Truly Multicolor Emissive Hyperbranched Polysiloxane: Synthesis, Mechanism Study, and Visualization of Controlled Drug Release

Unconventional fluorescent polymers have attracted increasing attention due to their facile synthesis, excellent biocompatibility, and novel photophysical properties. In this work, a truly multicolor emissive hyperbranched polysiloxane (HBPSi-β-CD) is obtained through adjusting the distribution of electron-rich atoms and grafting β-cyclodextrin; the quantum yields of HBPSi-β-CD after being excited by 360, 420, 450, and 550 nm are 19.36, 31.46, 46.14 and 44.84%, respectively.
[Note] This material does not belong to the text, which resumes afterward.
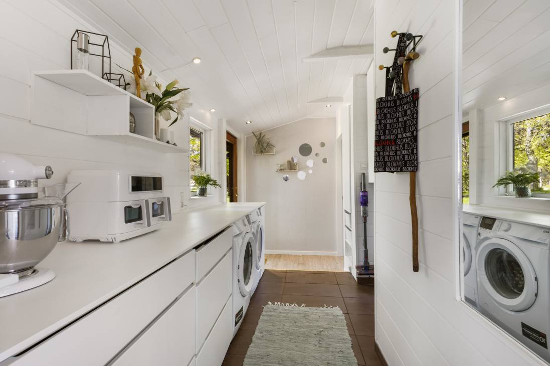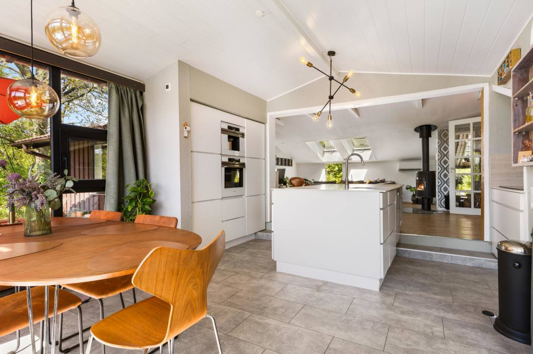 In diesem schönen Ferienhaus findest du versetzte Ebenen, Seele und Charme! Der Hauseigentümer hat das Ferienhaus wirklich individuell gestaltet, und man fühlt sich vom ersten Moment an willkommen, wenn man durch die Tür tritt. Hier bekommst du einen Hauswirtschaftsraum in offener Verbindung zu einer großen Küche/Essbereich und Wohnzimmer mit Kamin. Von der Küche aus kannst du durch die großen, hellen Fensterpartien auf die wunderschöne Natur und den versenkten Whirlpool auf einem Teil des großen Terrassenbereichs blicken. Du bekommst 6 Schlafplätze, verteilt auf 3 Schlafzimmer - zwei Doppelbetten und ein Etagenbett.

The density functional theory calculations reveal that the truly multicolor emission is derived from the formed electron delocalization among the hydroxyl, amine, ether, and-Si(O)₃groups due to the strong intermolecular interaction, high density of electron-rich atoms, and low steric hindrance among functional groups. The prepared polymers could serve as a multisensitivity sensor in detecting Fe³⁺, Cu²⁺, and Co²⁺. The HBPSi-β-CD shows low cytotoxicity and excellent cellular imaging capability. The self-assembly of HBPSi-β-CD also possesses high drug loading capacity and pH-controlled drug release, especially, the drug delivery system could be applied in the visualization of controlled drug delivery.